■ **Work to be completed**: Among the entries below, find the line with "1980 년 4 월 24", then quote it and each following line up to and including the line with "La combinación de", and nothing else.

■ **Given data**:
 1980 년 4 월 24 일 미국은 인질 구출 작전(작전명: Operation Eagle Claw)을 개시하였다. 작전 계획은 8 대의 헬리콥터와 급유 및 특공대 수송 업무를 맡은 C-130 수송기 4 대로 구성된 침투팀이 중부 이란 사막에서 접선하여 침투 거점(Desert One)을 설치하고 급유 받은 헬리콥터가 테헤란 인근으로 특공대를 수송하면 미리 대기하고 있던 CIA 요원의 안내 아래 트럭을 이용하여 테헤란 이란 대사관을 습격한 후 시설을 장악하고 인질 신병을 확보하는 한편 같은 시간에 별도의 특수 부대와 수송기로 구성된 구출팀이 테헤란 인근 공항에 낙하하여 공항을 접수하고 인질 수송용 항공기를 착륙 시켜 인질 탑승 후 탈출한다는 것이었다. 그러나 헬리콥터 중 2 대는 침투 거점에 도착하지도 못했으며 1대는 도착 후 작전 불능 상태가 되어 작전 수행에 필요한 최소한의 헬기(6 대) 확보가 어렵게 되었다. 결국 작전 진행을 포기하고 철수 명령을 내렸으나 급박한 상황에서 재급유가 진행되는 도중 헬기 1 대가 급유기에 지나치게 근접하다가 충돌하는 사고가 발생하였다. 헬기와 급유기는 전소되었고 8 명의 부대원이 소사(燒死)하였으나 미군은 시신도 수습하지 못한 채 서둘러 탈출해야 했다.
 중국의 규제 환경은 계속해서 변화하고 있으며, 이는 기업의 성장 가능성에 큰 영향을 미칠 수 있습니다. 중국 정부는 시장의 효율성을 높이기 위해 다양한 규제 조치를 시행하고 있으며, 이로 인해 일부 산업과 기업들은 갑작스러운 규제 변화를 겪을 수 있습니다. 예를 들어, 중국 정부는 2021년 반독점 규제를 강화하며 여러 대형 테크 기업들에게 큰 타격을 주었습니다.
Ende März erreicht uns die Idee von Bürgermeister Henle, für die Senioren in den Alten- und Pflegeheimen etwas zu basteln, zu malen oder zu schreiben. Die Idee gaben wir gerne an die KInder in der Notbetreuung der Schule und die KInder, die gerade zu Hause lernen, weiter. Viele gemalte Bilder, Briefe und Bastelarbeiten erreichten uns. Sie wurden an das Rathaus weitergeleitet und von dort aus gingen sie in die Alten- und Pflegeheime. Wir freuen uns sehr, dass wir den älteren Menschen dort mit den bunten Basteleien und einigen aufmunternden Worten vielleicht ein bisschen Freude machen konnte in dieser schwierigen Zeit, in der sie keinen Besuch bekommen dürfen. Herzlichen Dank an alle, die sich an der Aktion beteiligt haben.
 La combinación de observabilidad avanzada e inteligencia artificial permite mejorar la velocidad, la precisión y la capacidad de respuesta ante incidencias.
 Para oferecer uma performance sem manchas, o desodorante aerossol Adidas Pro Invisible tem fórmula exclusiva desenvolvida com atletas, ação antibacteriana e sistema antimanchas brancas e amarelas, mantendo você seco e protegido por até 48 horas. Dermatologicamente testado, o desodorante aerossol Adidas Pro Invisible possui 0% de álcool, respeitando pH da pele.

--

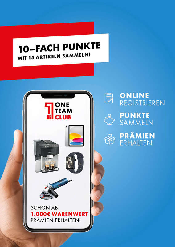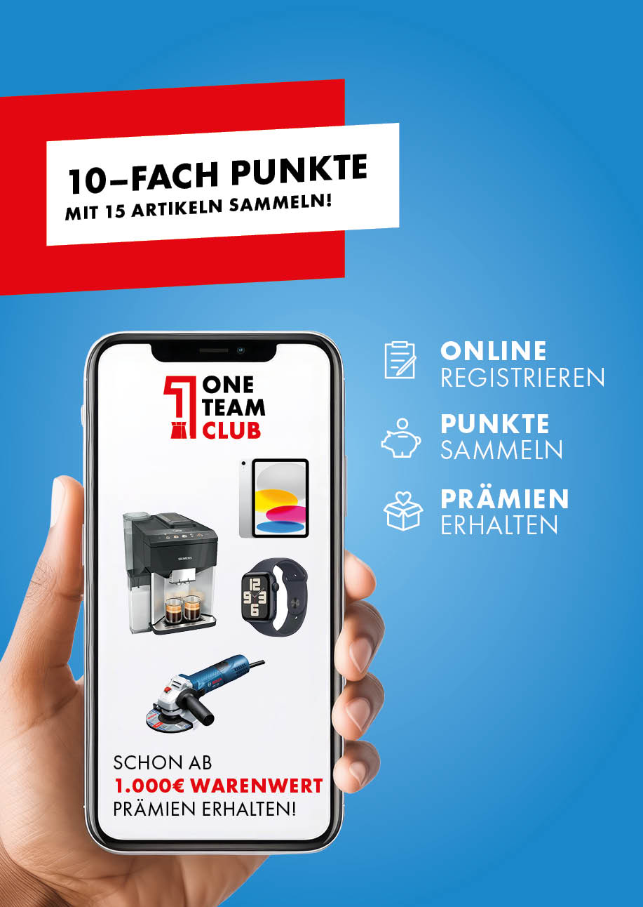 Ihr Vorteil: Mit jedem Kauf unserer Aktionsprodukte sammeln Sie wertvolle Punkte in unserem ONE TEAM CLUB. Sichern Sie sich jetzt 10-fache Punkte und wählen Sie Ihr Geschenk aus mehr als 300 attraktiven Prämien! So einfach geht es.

■ **Exercise response**:
 1980 년 4 월 24 일 미국은 인질 구출 작전(작전명: Operation Eagle Claw)을 개시하였다. 작전 계획은 8 대의 헬리콥터와 급유 및 특공대 수송 업무를 맡은 C-130 수송기 4 대로 구성된 침투팀이 중부 이란 사막에서 접선하여 침투 거점(Desert One)을 설치하고 급유 받은 헬리콥터가 테헤란 인근으로 특공대를 수송하면 미리 대기하고 있던 CIA 요원의 안내 아래 트럭을 이용하여 테헤란 이란 대사관을 습격한 후 시설을 장악하고 인질 신병을 확보하는 한편 같은 시간에 별도의 특수 부대와 수송기로 구성된 구출팀이 테헤란 인근 공항에 낙하하여 공항을 접수하고 인질 수송용 항공기를 착륙 시켜 인질 탑승 후 탈출한다는 것이었다. 그러나 헬리콥터 중 2 대는 침투 거점에 도착하지도 못했으며 1대는 도착 후 작전 불능 상태가 되어 작전 수행에 필요한 최소한의 헬기(6 대) 확보가 어렵게 되었다. 결국 작전 진행을 포기하고 철수 명령을 내렸으나 급박한 상황에서 재급유가 진행되는 도중 헬기 1 대가 급유기에 지나치게 근접하다가 충돌하는 사고가 발생하였다. 헬기와 급유기는 전소되었고 8 명의 부대원이 소사(燒死)하였으나 미군은 시신도 수습하지 못한 채 서둘러 탈출해야 했다.
 중국의 규제 환경은 계속해서 변화하고 있으며, 이는 기업의 성장 가능성에 큰 영향을 미칠 수 있습니다. 중국 정부는 시장의 효율성을 높이기 위해 다양한 규제 조치를 시행하고 있으며, 이로 인해 일부 산업과 기업들은 갑작스러운 규제 변화를 겪을 수 있습니다. 예를 들어, 중국 정부는 2021년 반독점 규제를 강화하며 여러 대형 테크 기업들에게 큰 타격을 주었습니다.
Ende März erreicht uns die Idee von Bürgermeister Henle, für die Senioren in den Alten- und Pflegeheimen etwas zu basteln, zu malen oder zu schreiben. Die Idee gaben wir gerne an die KInder in der Notbetreuung der Schule und die KInder, die gerade zu Hause lernen, weiter. Viele gemalte Bilder, Briefe und Bastelarbeiten erreichten uns. Sie wurden an das Rathaus weitergeleitet und von dort aus gingen sie in die Alten- und Pflegeheime. Wir freuen uns sehr, dass wir den älteren Menschen dort mit den bunten Basteleien und einigen aufmunternden Worten vielleicht ein bisschen Freude machen konnte in dieser schwierigen Zeit, in der sie keinen Besuch bekommen dürfen. Herzlichen Dank an alle, die sich an der Aktion beteiligt haben.
 La combinación de observabilidad avanzada e inteligencia artificial permite mejorar la velocidad, la precisión y la capacidad de respuesta ante incidencias.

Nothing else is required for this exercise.